City of Thomson officials look to have their plates full in 2004.

A number of projects -- both new and not-so-new -- will be addressed this year in the Camellia City.

One of the things at the top of most every local official's wishlist is a greater emphasis on city beautification and upkeep. A movement to revitalize the downtown area began last summer, and the city is hoping to receive some funds from a $950,000 state grant application to start the formal process of repairing sidewalks, preserving Journal Street and updating city streetlights, among other things.

However, even if the city receives a smaller dollar amount than is expected, work will still be done to improve downtown.

"Regardless of the outcome of the grant, we'll still be taking steps to make changes in the way downtown appears and to make it more friendly to come in and shop," said City Administrator Bob Flanders.

In November, the Thomson City Council announced that they would be stepping up code enforcement throughout the city, making sure that residents keep their property looking good. And the city looks to continue in ensuring that residents are maintaining their property.

"In the forthcoming year the city of Thomson will place a major emphasis on code enforcement for empty residential and commercial dwelling units and unsightly lots, the removal of loose tires, and the policing of grocery carts from various places around town that are strewn haphazardly," said Mr. Flanders. "We're looking at property owners to act more responsibly and be aware of how they're impacting their neighbors."

Mr. Flanders also said that he expects preliminary work to begin on the placement of the joint city and county complex.

Mayor Bob Knox said that the city will be looking at expanding its city limits in 2004 as part of a way both to stimulate and maintain growth.
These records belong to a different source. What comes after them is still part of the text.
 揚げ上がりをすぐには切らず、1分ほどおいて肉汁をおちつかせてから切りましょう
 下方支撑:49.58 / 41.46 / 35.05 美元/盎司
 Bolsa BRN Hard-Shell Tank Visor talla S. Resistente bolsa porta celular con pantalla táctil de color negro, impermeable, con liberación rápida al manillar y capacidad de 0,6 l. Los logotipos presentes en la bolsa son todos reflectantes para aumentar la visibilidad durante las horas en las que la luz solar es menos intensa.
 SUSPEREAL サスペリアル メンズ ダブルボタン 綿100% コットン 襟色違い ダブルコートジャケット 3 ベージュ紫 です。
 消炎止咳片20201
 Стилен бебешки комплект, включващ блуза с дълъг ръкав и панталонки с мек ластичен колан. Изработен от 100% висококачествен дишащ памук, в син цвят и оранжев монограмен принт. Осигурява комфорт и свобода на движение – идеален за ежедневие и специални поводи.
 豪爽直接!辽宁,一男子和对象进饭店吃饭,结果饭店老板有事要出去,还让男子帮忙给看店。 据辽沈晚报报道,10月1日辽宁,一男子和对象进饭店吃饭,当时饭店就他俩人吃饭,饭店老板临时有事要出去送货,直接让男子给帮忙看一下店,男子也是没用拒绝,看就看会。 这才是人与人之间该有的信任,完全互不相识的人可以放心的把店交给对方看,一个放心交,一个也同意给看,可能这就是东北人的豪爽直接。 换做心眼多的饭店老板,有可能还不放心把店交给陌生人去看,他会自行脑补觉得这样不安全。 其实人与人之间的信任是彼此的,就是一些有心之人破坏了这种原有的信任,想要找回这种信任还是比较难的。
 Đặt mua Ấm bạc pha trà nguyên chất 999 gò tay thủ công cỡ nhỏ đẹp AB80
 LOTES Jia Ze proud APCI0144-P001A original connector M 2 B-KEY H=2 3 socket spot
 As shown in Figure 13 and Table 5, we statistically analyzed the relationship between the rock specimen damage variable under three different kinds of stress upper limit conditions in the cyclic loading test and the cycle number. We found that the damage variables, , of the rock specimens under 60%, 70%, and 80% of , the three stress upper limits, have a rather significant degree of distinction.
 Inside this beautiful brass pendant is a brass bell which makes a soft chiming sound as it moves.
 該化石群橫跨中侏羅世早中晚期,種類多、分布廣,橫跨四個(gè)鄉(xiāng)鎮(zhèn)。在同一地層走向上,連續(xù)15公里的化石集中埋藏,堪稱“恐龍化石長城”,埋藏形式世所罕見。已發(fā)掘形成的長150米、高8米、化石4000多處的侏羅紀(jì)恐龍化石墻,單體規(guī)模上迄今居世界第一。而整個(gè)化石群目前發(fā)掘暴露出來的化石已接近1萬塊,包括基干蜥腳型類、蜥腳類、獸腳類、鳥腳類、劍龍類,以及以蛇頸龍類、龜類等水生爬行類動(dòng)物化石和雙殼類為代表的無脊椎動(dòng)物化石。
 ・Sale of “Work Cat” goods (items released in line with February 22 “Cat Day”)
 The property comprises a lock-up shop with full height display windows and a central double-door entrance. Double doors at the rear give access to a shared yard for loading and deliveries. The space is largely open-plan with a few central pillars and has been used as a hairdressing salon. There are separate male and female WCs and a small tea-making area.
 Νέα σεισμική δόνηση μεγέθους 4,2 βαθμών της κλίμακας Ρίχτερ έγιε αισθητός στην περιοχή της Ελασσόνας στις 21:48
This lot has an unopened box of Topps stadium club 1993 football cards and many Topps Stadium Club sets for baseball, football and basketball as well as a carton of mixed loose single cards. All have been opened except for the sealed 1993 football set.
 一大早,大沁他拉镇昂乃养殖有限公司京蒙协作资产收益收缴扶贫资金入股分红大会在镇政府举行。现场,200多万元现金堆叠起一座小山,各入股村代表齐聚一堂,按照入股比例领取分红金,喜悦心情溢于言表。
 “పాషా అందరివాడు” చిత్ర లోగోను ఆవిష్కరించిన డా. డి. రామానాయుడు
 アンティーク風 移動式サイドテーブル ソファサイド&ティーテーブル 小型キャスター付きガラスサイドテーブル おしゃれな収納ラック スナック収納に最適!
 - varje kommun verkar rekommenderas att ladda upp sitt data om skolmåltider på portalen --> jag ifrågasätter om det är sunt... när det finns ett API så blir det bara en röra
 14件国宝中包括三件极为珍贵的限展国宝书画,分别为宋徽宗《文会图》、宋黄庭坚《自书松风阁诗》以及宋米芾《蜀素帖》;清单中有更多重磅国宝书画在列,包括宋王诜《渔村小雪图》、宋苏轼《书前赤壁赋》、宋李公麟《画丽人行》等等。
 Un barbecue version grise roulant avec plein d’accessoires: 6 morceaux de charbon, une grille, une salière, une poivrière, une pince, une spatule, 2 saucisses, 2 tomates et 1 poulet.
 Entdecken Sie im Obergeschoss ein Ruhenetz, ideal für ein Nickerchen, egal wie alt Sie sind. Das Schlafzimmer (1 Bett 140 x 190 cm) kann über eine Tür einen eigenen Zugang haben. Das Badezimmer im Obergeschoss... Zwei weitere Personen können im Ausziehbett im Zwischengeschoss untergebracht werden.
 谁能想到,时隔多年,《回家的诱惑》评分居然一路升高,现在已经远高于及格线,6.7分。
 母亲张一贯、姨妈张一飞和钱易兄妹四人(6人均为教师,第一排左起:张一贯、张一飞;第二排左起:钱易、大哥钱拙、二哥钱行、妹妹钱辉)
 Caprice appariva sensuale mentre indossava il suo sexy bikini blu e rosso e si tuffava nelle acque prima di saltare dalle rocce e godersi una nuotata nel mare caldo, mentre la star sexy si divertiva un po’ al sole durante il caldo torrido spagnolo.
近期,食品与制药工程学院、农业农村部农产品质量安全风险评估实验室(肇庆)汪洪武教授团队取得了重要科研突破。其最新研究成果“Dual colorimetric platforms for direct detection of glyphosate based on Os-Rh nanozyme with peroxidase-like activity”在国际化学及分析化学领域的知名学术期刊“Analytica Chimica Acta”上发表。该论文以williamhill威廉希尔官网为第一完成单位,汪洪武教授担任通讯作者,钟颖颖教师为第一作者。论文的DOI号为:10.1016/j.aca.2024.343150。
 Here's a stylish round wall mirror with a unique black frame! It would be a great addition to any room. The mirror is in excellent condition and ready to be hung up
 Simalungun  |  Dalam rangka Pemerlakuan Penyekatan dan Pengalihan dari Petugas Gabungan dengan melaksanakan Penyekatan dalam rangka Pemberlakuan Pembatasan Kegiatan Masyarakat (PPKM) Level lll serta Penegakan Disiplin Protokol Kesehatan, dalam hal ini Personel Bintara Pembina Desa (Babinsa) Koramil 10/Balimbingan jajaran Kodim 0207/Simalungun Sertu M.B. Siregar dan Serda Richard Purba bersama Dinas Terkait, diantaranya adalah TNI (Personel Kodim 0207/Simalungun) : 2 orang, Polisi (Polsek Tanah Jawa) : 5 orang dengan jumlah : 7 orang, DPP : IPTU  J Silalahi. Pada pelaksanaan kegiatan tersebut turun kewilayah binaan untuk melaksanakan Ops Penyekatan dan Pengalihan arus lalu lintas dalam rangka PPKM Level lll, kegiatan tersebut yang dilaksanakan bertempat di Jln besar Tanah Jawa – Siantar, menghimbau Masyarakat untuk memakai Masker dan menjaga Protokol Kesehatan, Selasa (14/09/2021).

"We've gotten a little behind in expanding the city limits," he said. "Growth occurs, but you've got to keep growth. What's happened now is that growth has sort of hopped over city limits, and if you're not careful your city can become stifled and not be able to grow as any other community or organism should continue to grow."

Other items in the queue for 2004 are various water and sewer upgrades and expansions, the addition of several new hangars at the Thomson-McDuffie Regional Airport and updating the Thomson-McDuffie County website.